**DATASET RECORDS**
○ ○ ○ ○

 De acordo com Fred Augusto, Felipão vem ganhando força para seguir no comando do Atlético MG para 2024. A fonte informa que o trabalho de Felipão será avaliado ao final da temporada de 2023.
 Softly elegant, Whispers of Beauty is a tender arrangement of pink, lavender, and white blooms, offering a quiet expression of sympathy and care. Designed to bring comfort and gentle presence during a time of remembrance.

○ ○ ○ ○

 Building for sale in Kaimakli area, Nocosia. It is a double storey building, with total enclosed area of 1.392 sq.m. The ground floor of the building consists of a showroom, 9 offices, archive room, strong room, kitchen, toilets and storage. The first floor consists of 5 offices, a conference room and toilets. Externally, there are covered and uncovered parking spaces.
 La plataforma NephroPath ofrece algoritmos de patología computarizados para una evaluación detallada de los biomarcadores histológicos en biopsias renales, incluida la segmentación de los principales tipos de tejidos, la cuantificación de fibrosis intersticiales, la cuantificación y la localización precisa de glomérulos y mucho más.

○ ○ ○ ○

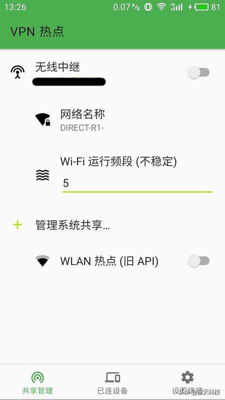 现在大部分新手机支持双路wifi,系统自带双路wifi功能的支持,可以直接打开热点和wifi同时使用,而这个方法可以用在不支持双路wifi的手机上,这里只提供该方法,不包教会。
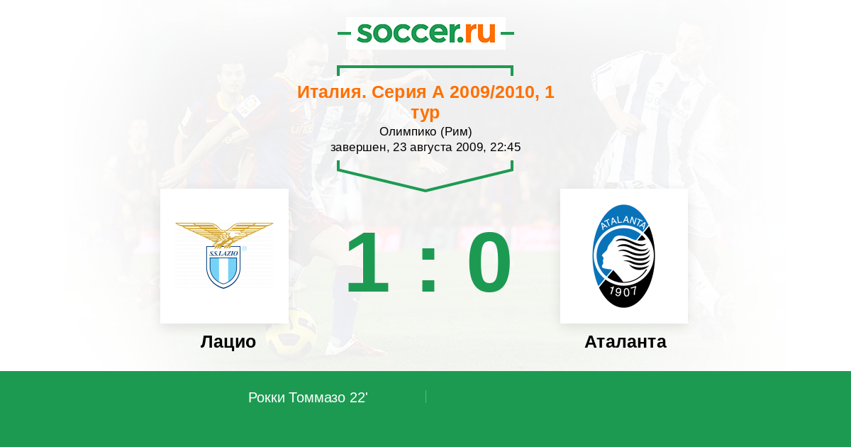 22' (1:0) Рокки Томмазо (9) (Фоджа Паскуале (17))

○ ○ ○ ○

**ASSIGNMENT**
Look above for the line with "De acordo com" and the line with "Softly elegant, Whispers". Write out those two lines and all the lines between them, exactly, and no others.

**RESPONSE**
 De acordo com Fred Augusto, Felipão vem ganhando força para seguir no comando do Atlético MG para 2024. A fonte informa que o trabalho de Felipão será avaliado ao final da temporada de 2023.
 Softly elegant, Whispers of Beauty is a tender arrangement of pink, lavender, and white blooms, offering a quiet expression of sympathy and care. Designed to bring comfort and gentle presence during a time of remembrance.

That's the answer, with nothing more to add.